WALLACE
WALLACE, ALFRED RUSSEL
The Malay Archipelago; The Land of the Orang-utan and the Bird of Paradise; A Narrative of Travel With Studies of Man and Nature. 2 volumes. Macmillan & Co., London, 9 March 1869:
“The Durian is, however, sometimes dangerous. When the fruit begins to ripen it falls daily and almost hourly, and accidents not infrequently happen to persons walking or working under the trees. When a Durian strikes a man in its fall, it produces a dreadful wound, the strong spines tearing open the flesh, while the blow itself is very heavy”

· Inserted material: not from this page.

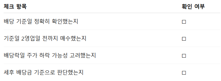 이 체크리스트만 확인해도, 배당 기준일 착각으로 인한 손해를 상당 부분 줄일 수 있습니다.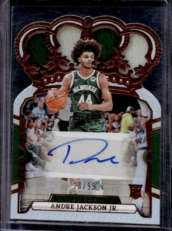 The Andre Jackson Jr. 2023 Crown Royale #RC-AJJ Rookie Crown Autographs /99 card is 1 of 52 Andre Jackson Jr.'s card variations in the 2023 Crown Royale set being tracked by Sports Card Investor, including #123 Base, #88 Base, #88 Crystal, #88 International Red, and #88 Royalty.

Then he goes on for a while about this, and then he says:
“Poets and moralists, judging from our eastern trees and fruits, have thought that small fruits always grew on lofty trees, so that their fall should be harmless to man, while the large ones trailed on the ground. Two of the largest and heaviest fruits known, however, the Brazil-nut fruit (Bertholletia) and Durian, grow on lofty forest trees, from which they fall as soon as they are ripe, and often wound or kill the native inhabitants. From this we may learn two things: first, not to draw general conclusions from a very partial view of nature; and secondly, that trees and fruits, no less than the varied productions of the animal kingdom, do not appear to be organized with exclusive reference to the use and convenience of man.”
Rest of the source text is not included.